Второй рассказ был про уже знаменитого, но еще молодого артиста Миронова. Он клал на ладонь левой руки орешки и, стоя под деревом, созывал белочек призывным кличем: «Тирли, тирли, тирли!» Обычная белочка, испуганная с рождения, медленно спускалась к его ладони… Но в тот момент, когда она была готова взять халявный орешек, народный артист правой рукой ловко его выхватывал с ладони и быстро отправлял себе в рот! Оскорбленная белочка, забыв про страх, застывала в прострации от такого хамства и напоминала больше свое распространенное чучело, чем живое существо. Это вызывало дикий восторг всей компании. Народный артист раскланивался перед публикой. Тилевич ужас белочки изобразить не смог, зато сумел поклониться.

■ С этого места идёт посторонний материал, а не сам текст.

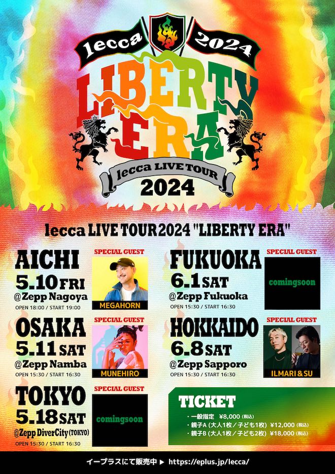 5月10日の名古屋公演には、「スペシャルサマー feat.lecca」でコラボをしたMEGAHORN、翌5月11日の大阪公演には、「オンナForever welcomez lecca & MUNEHIRO」でコラボをしているMUNEHIRO、そしてツアーファイナルとなる6月8日の札幌公演には、「HI-TEN feat. ILMARI & SU」でお馴染みのILMARI & SUを迎える。

Он был готов еще что-то рассказать из своего опыта отдыха в Пярну, но Огрызков принес стаканы с портвейном. «Будем продолжать воодушевляться», – сказал повеселевший преподаватель живописи. «Нет, мы не можем, – ответили я и Сашка, – у нас вечером поезд, надо еще вещи собрать». И мы разбежались по домам. Я поехал на Разгуляй в Токмаков переулок, Сашка, естественно, в гетто на Фестивальную улицу. День выдался суматошный.
* * *
Проводники пригласили уезжающих пройти в вагон, а провожающих – его покинуть.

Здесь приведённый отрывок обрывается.